EDITOR’S NOTE: Vestron releases are coming out from Lionsgate, such as this collection of two 90s slashers. Extras on The Dentist include commentary with director Brian Yuzna and special makeup effects supervisor Anthony C. Ferrante, isolated score selections and audio interviews with composer Alan Howarth and director of photography Levie Isaacks, interviews with Corbin Bernsen, Dennis Paoli, Ferrante and J.M. Logan, a trailer and a still gallery. Extras on The Dentist 2 includecommentary with director Brian Yuzna and special makeup effects supervisor Anthony C. Ferrante, isolated score selections and audio interviews with composer Alan Howarth and editor Christopher Roth, interviews with Jillian McWhirter, Pierre David, Ferrante and Logan, a trailer and a still gallery.
The Dentist (1996):
Brian Yunza directed this one, a movie that is ready to upset you even if you’re hardened to gore, because everyone hates the dentist. Seriously, if you’re about to get a filling, please avoid this movie, because it features major moments of molar malice. It made my teeth hurt just watching it.
Dr. Alan Feinstone (Corbin Bernsen*) is a man with it all: a successful dental practice, plenty of money and a gorgeous wife. Of course, she’s sleeping with the pool guy, which makes him go absolutely bonkers and start killing everyone that has ever upset him. It starts with shooting his wife’s friend’s dog and then only gets crazier from there. By the way, that isn’t even a dog. It’s a stuffed goat.

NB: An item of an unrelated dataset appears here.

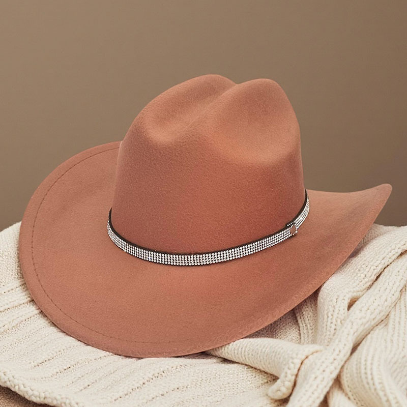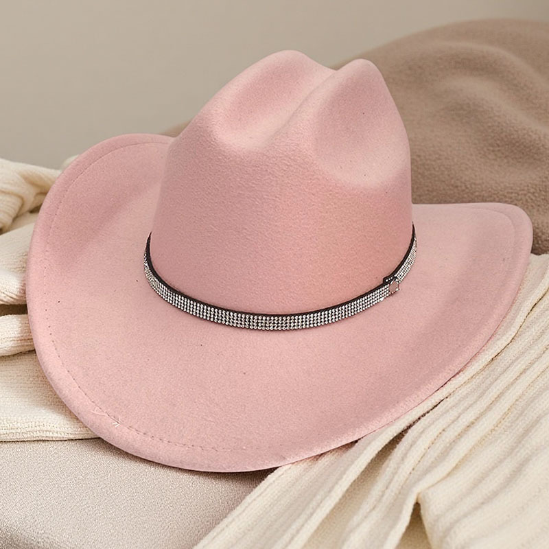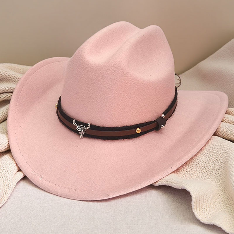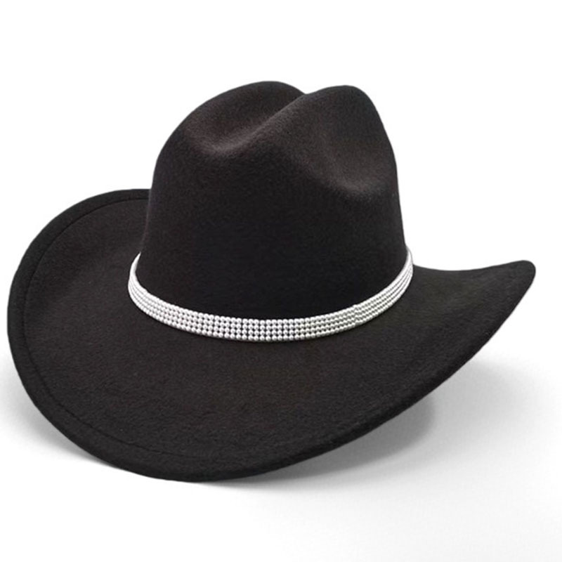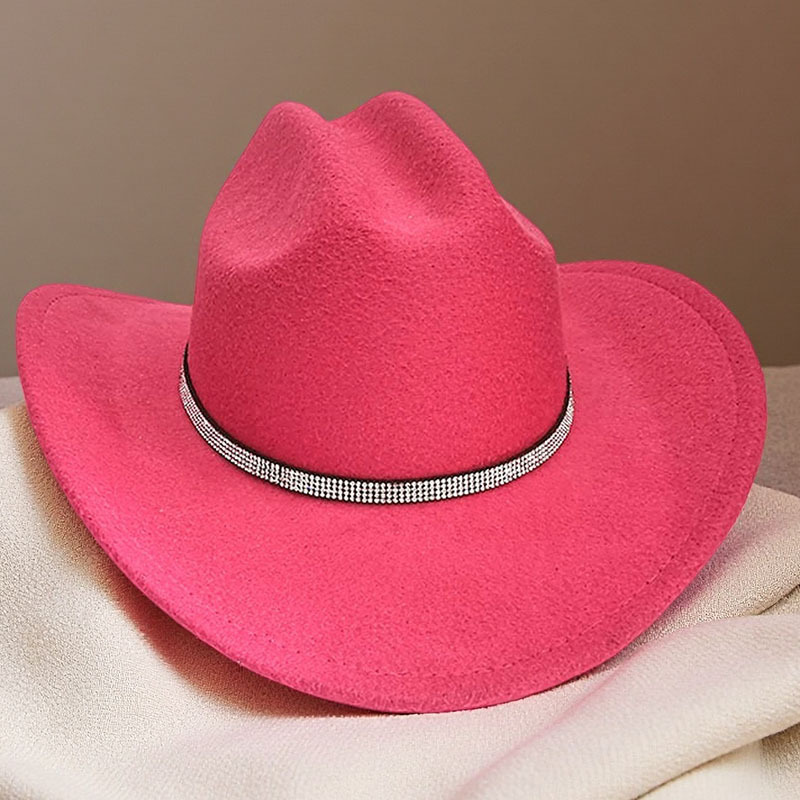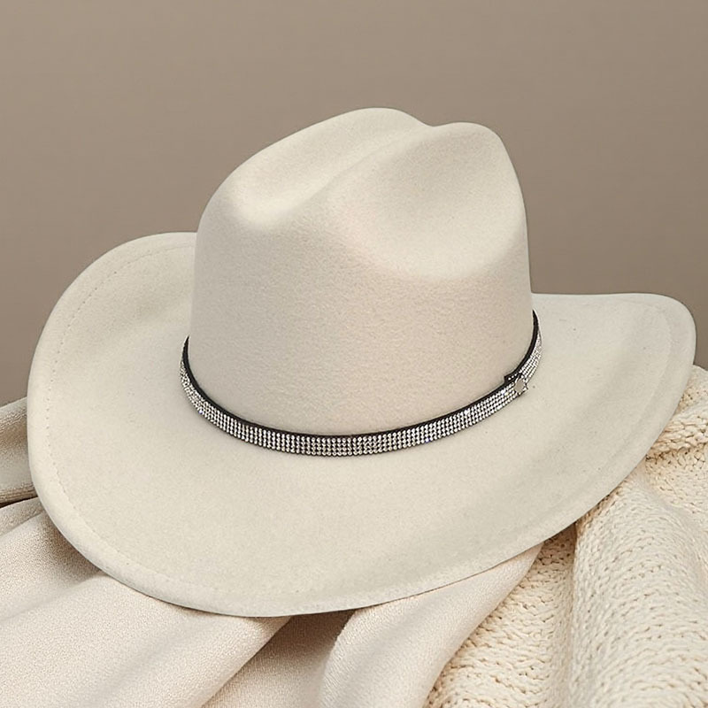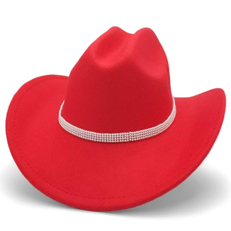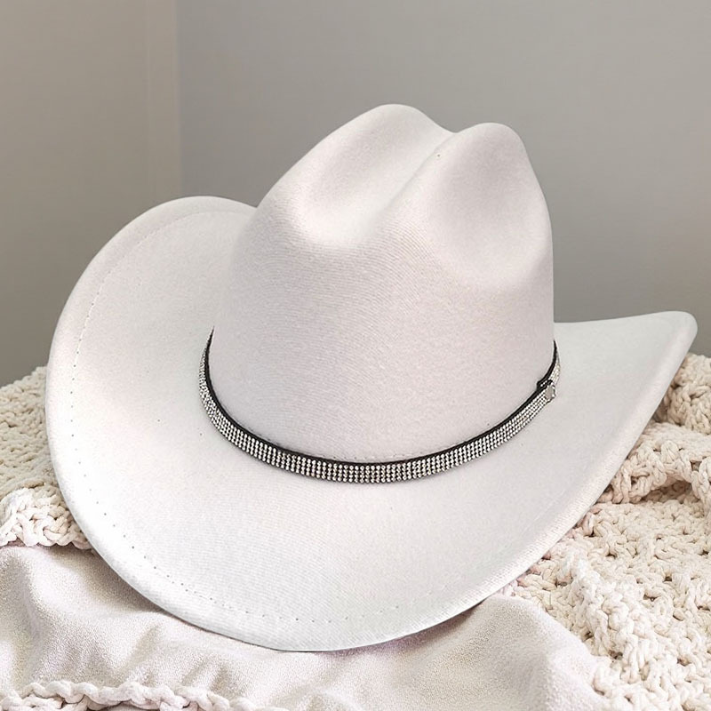跨境亚马逊新款一字顶男女士大帽檐西部牛仔帽弯檐帽子荔枝纹皮带

He hallucinates that an actress is his wife and starts choking her with her stockings before her boyfriend (Mark Ruffalo!) flips out. And then he brings his wife in to show her a new opera-themed room and cuts her tongue out before taking out all of her teeth.

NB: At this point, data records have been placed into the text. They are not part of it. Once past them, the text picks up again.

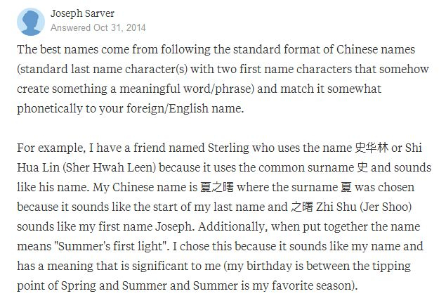 打个比方,我有个叫Sterling的朋友,他起的中文名是史华林,因为名字里的姓氏“史”是个常见姓,听起来也很像他的名字。我的中文名是夏之曙,姓夏是因为听起来挺像我自己姓氏的开头(Sarver),而之曙听起来像我的名字Joseph。还有,这个姓名合起来的意思是“夏天的第一道光”。我起这个名儿是因为它读起来很像我的名字,而且对我来说有重要意义(我的生日在春夏之交,夏天是我最喜欢的季节)。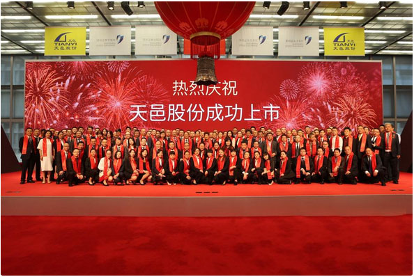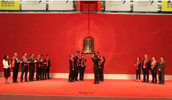 短暫的合影后,上市寶鐘徐徐落下,敲鐘儀式開始。敲鐘代表天邑股份董事長李俊畫女士、天邑股份董事李俊霞女士、成都市大邑縣委書記李燎先生、廣發(fā)證券副總裁歐陽西先生、天邑房產(chǎn)董事長李躍亨先生、天邑集團董事長李世宏先生六位共同敲響開市寶鐘。天邑股份證券代碼:300504,首日交易漲幅達到了44.03%。訊石在此祝賀天邑康和股票上市發(fā)行儀式圓滿成功,祝愿天邑股份上市后蒸蒸日上,宏圖大展。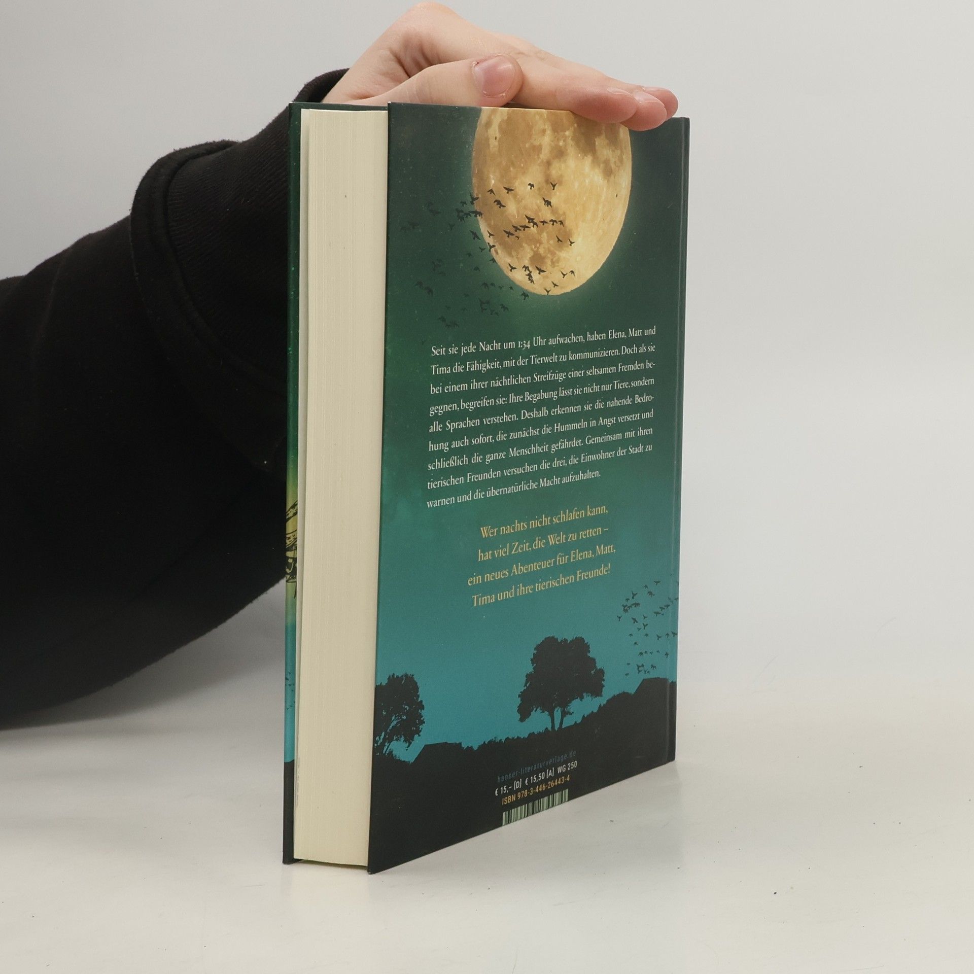 Tier-Fantasy, Action und Höchstspannung in der realen Welt - Band 2 der mitreißenden Reihe von Ali Sparkes. Die schlaflosen Nächte gehen weiter. Es ist 1:34 Uhr. Erneut beginnt der Kampf zwischen Gut und Böse. Seit sie jede Nacht um diese Zeit aufwachen, haben Elena, Matt und Tima die Fähigkeit, mit der Tierwelt zu kommunizieren. Doch als sie bei einem ihrer nächtlichen Streifzüge einer seltsamen Fremden begegnen, begreifen sie: Ihre Begabung lässt sie nicht nur Tiere, sondern alle Sprachen verstehen. Das ermöglicht ihnen, die nahende Bedrohung zu erkennen, die zunächst die Hummeln in Angst versetzt und schließlich die ganze Welt gefährdet: Eine übernatürliche Macht ist dabei, Menschen und Tiere zu vernichten. Gemeinsam mit ihren tierischen Freunden versuchen die drei, die Einwohner der Stadt zu warnen und den gefährlichen Eindringling aufzuhalten.

For most of the film, Alan is in-between reality and his delusions, so you have no real idea what’s happening. What is going on is plenty of death, like air getting injected into someone’s jugular and smashing out someone’s teeth with a drill**, this movie reminds me of how long it took me to get all my front teeth replaced with implants.
Hey — Ken Foree shows up as a cop. If you’re playing at home, that makes him a police officer in Dawn of the Dead, Terror Squad, True Blood, Blood Brothers and this movie.

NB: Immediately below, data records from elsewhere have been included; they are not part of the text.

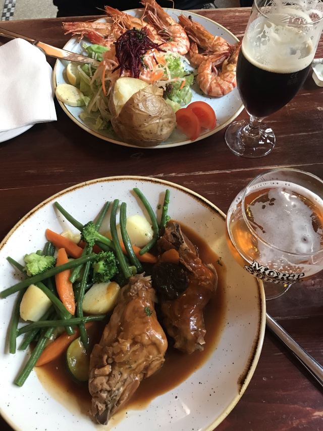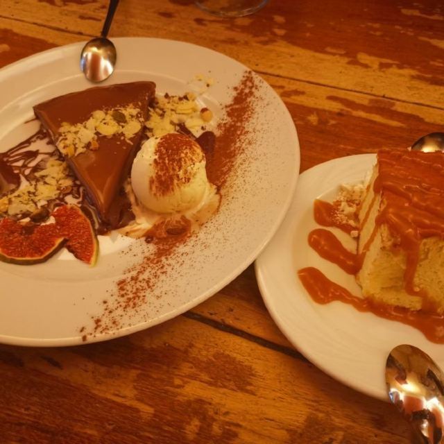 炖牛肉和炖兔肉都不错,属于当地比较有名的饭店,要了啤酒,主食,还有蛋糕,蛋糕做的就像艺术品,上面的巧克力酱很好吃,属于比利时特色。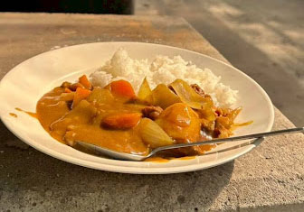 屋外で、みんなで食べるカレーは格別に美味しかったです。お米も野菜もしっかりと火が通っていて、とても美味しい仕上がりでした。皆さま笑顔で食べられていました。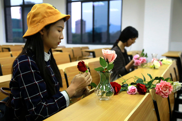 志愿者们为老人举办了一场文艺演出。深情婉转的《当你老了》歌曲演唱,神情并茂的黄梅戏表演,还有暖人心的手语表演《爱》,老人们看得津津有味,尤其是小品表演,逗得老人们笑个不停。表演过程中,志愿者们还现场折纸花送给老人。在外国语学院举办的重阳插花活动中获奖的作品,也被摆在了老人们的房间。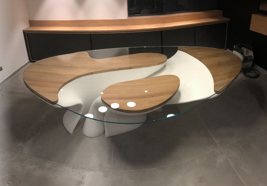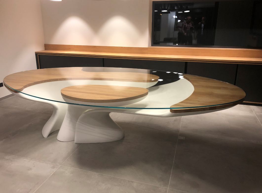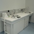 - Paillasse centrale fontaine et meuble vitrine verre émaillé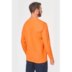 60% coton / 40% polyester recyclé. Coton peigné. Maille piquée interlock. Lavage industriel et/ou lavage domestique 60°C. Coupe confort. Col et bas de manches en bord-côte doublé 1x1. Bande de propreté intérieur col. Renforts intérieurs épaules en twill 65% polyester / 35% coton pour éviter la déformation lors du lavage industriel. Pochette RFID au bas du vêtement sous label. Finition double aiguille bas de manches et de vêtement. EPI Classe II - Normes NF EN ISO 13688:2013 + NF EN ISO 13688/A1:2021 (Vêtements de protection - Exigences générales), NF EN 17353:2020 : Type A (Habillement de protection - Équipement de visualisation améliorée pour des situations à risque modéré - Méthodes d’essai et exigences), NF EN ISO 15797:2018 (Textiles - Méthodes de blanchissage et de finition industriels pour les essais des vêtements de travail) : Blanchissage industriel professionnel - Méthode de lavage programme 8 avec finition en tunnel uniquement. Etiquette de marque tissée.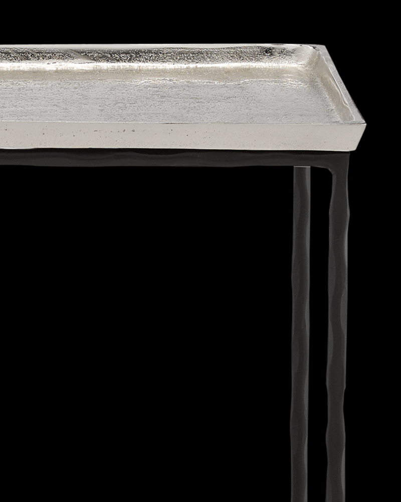 The Boyles Silver Side Table has a simple forged iron base in a black iron finish holding an antique silver tray-like top. This side table is an expressive piece of furniture for any spot where an accent table is needed.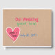 Whimsical home made looking wedding guest book done in craft paper looking background, with a white outlined pink heart. Colourful graffiti like typography gives this guest book a home made feel. Personalise all the text to suit your wedding needs.

The budget was so small that Yuzna did his own storyboards and gave the art department his credit card to get set decorations. Favors must have been called in, because Alan Howarth composed the entire score in one weekend (as well as doing the final mixing and foley work).
*While Bernsen played real-life serial killer dentist Glennon Engleman in Beyond Suspicion, this movie was not based on that tale.
**The kills are all based on murders from Hitchcock films.
The Dentist 2: Brace Yourself (1998): When we last saw Dr. Alan Feinstone (Corbin Bernsen), he was being sentenced to a maximum security mental hospital and being menaced by his wife Brooke (Linda Hoffman). However, he’s hidden a weapon inside his own skin and escaped, but his aforementioned ex knows that he’s gone to one of the towns that he’s kept postcards from and she’s going to get the money he owes her to pay back all of the teeth and the tongue she’s lost.
Of course, he’s still a maniac and all the issues he had in the first film all come raging back all over again, like his extreme jealousy when he falls for local Jamie Devers (Jillian McWhirter, Dune Warriors), who looks just like his last wife.
Also, much like the last time we saw the evil dentist, if you have to get any work done on your chompers, you shouldn’t watch this beforehand. There’s also a Clint Howard appearance, which is always welcome.
Alan Howarth did the score, so listen for stingers that sound suspiciously like the ones from Halloween 2. And I almost forgot that Big Ed Hurley’s eyepatch-wearing wife Nadine (Wendy Robie) is in this.